Почти два года прошло с того дня, как мы встретились с ним на пароходе «Киров» в Каспийском море. Это было как раз в день великого противостояния Марса. И долго мы с Амедом смотрели в тот вечер с борта корабля на круглую ярко-красную, словно смородинка, звезду, низко плывшую над горячим малахитовым горизонтом Каспия. Я рассказала ему тогда о Расщепее, о дружбе с ним, о звездах и, когда наступила ночь, долго водила моего нового знакомого по звездным дорожкам Вселенной. Зато потом, в Туркмении, Амед стал моим верным проводником в прогулках по незнакомой и очень интересной земле. Мы очень подружились в то лето. И брат мой Георгий брал нас с собой в далекие поездки по пескам, где он разведывал будущие пути воды. Жарко было там и пронзительно сухо. Все вокруг жаждало воды, все молило о влаге — и сухая, потрескавшаяся земля, и пески, горячие, как зола, и испепеленные листья, — все шелестело: «Су!.. Су!..» А «су» по-туркменски — это вода. И Георгий рассказывал о том, как через черные пески Каракумов побежит свежая вода, когда построят канал, которым соединят Мургаб с Амударьей и Теджен с Мургабом. Мы ездили верхом. Амед научил меня правильно держаться на лошади. А лошади там были замечательные — статные, гордо ступающие. Нас сопровождали туркмены, старики в халатах и огромных шапках «тельпеках», похожих на косматый воз сена. Молодые джигиты носили толстовки, из верхних карманов которых торчали вечные ручки — это была в аулах, видимо, общая новая мода, — на юношах были галифе, но на ногах не сапоги, а легкие туфли вроде чувяк. Меня удивляло, что многие из юношей продолжают носить большие косматые шапки. Носил иногда такую и Амед; он объяснял мне, что в этой шапке не болит от солнца голова.

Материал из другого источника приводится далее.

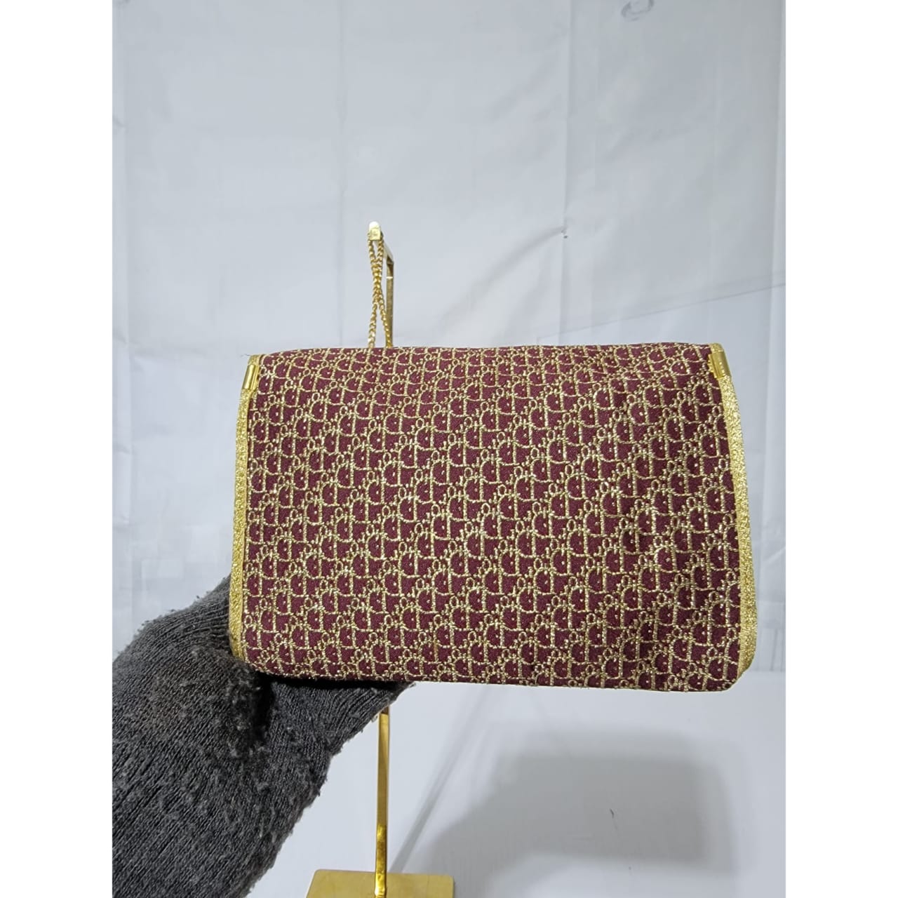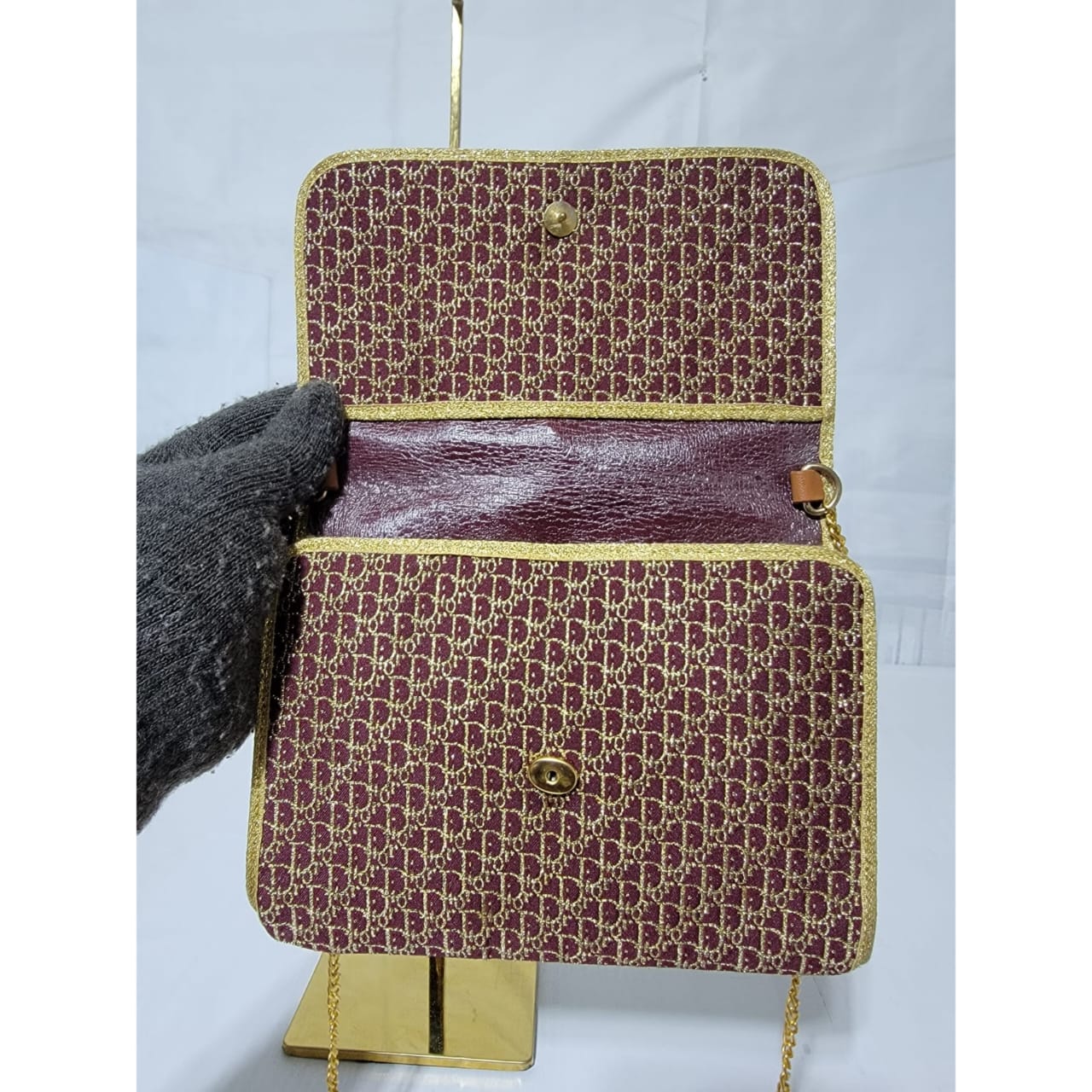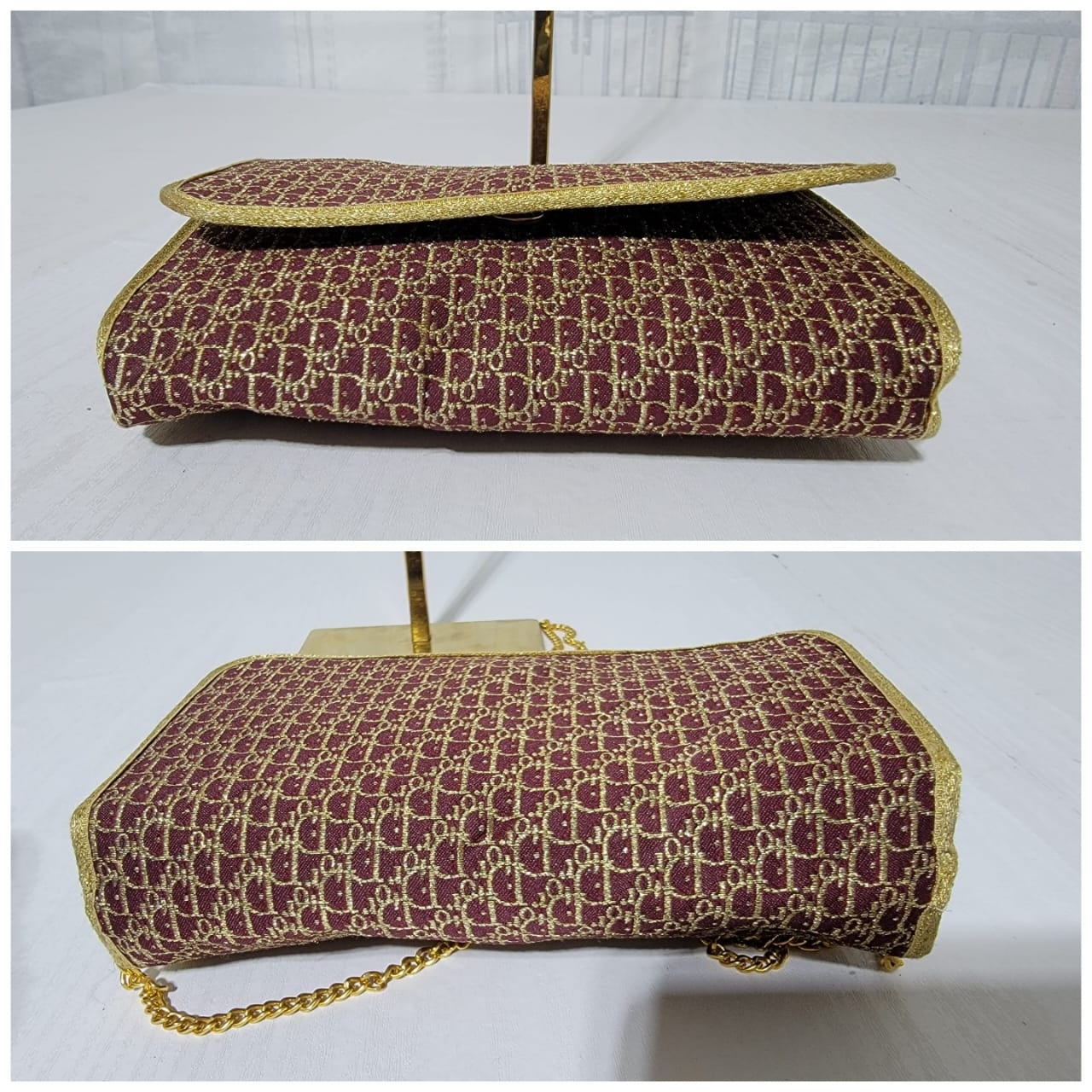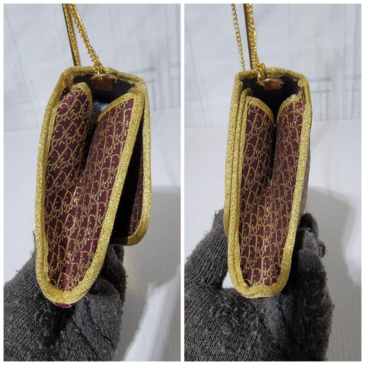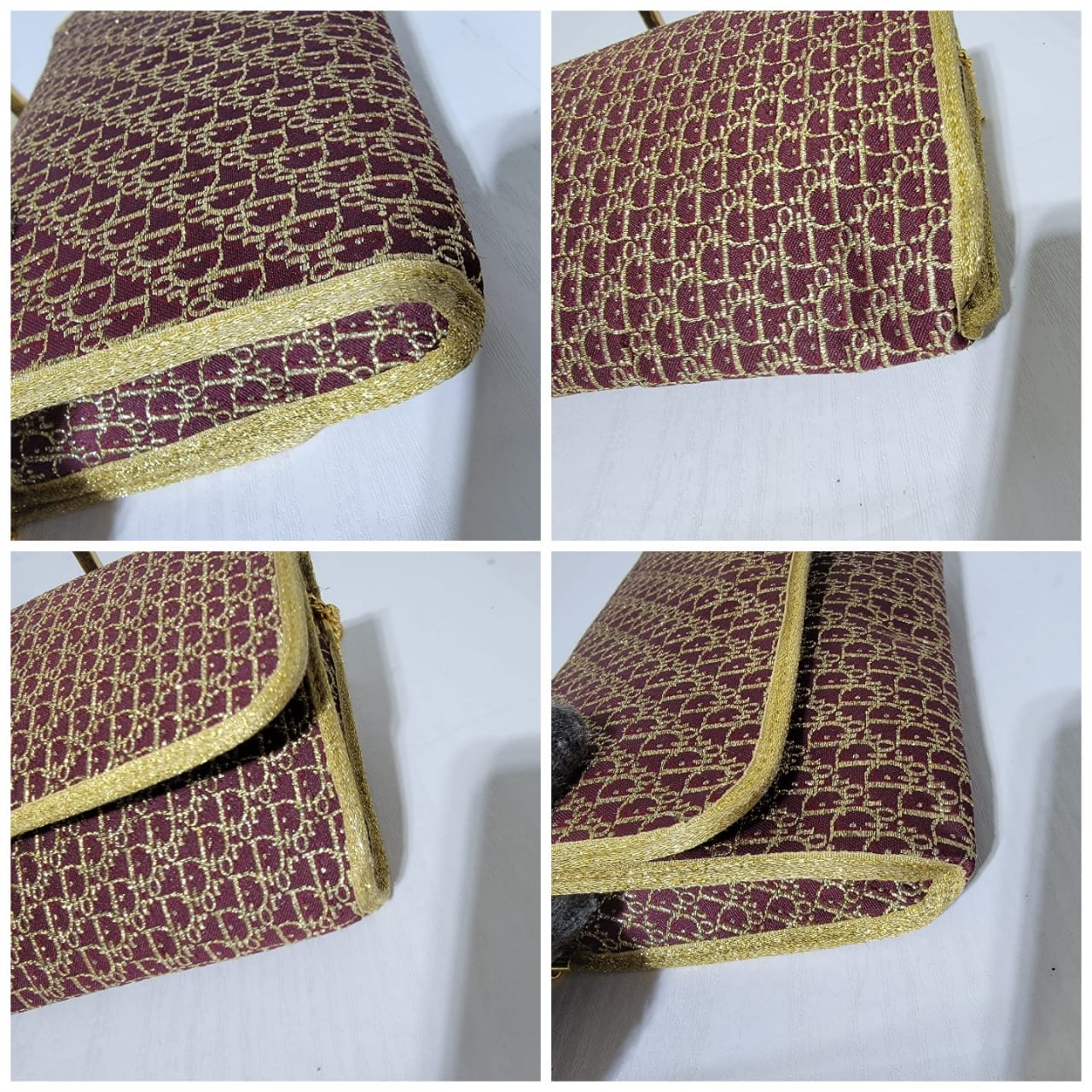 This authentic 1970s Christian Dior Vintage Bordeaux Oblique Monogram and Gold Lurex Canvas Logo Shoulder Bag Burgundy/Gold is in it’s good pre-owned condition. The exterior is clean and beautiful. Interior is clean, it is in it’s vintage condition. It has a gold trim around it.

Старики уважали моего брата и говорили, что Москва велела ему привести воду в пустыню. Застенчивые и бесшумные туркменские женщины, повязав головы халатами своих мужей, издали следили за нами, когда мы бродили по берегам желто-водного Мургаба, любуясь высокими тростниками на плавнях… Амед познакомил меня со своими родными. Отца уже давно не было в живых. Его много лет назад убили богатые баи-кулаки, пытавшиеся восстать против Советской власти. Отец Амеда был, по рассказам, веселым и отважным человеком. И когда ему отказали в невесте, требуя за нее огромный выкуп — калым, непосильный для бедняка, он среди бела дня похитил свою любимую Огюльсолтан. Мать Амеда, Огюльсолтан, высокая, тонкобровая, как сын, хорошо знала Георгия, работала в совхозе и была членом горсовета. Сперва она мне показалась гордой и неприязненной, а потом мы с ней сошлись по-хорошему. Я ей показала новые свои собственные вышивки и научила ее вышивать крестиком. И пока я гостила у брата, почти каждый день заходила к ним. Однажды, когда мы сидели и пили зеленый чай из широких пиал, мать Амеда, вздохнув и отведя в сторону глаза, вдруг заговорила о том, что было время, когда они жили в кибитке, а теперь дом у них очень хороший и просторный, всего в нем достаточно, но нет в доме гелин. Амед недовольно свел брови. «Что такое гелин?» — спросила я у него, когда мать вышла. Он очень покраснел, а потом сказал: «А ну, не обращай, тебя прошу, на это внимание. Глупый разговор! Зачем тебе знать…» Но я почувствовала, что он хочет скрыть от меня что-то, и так пристала к Амеду, что в конце концов он сказал: «Ну, гелин — это по-нашему значит невестка… Ай, глупый разговор!» И он весь залился краской. Тут уж мне стало очень смешно. Уж не меня ли прочила на будущее мать Амеда в свои невестки? Я посмотрела на Амеда и стала хохотать. Амед сперва смотрел на меня очень строго и обиженно, а потом тоже стал смеяться. И, конечно, больше мы об этом никогда не говорили. Мы очень хорошо дружили с Амедом. А когда кончилось лето, надо было вернуться в Москву, в школу, мне было жалко расставаться с Амедом, хотя меня и тянуло уже домой. Но мы обещали писать друг другу и сохранить дружбу навсегда-навсегда.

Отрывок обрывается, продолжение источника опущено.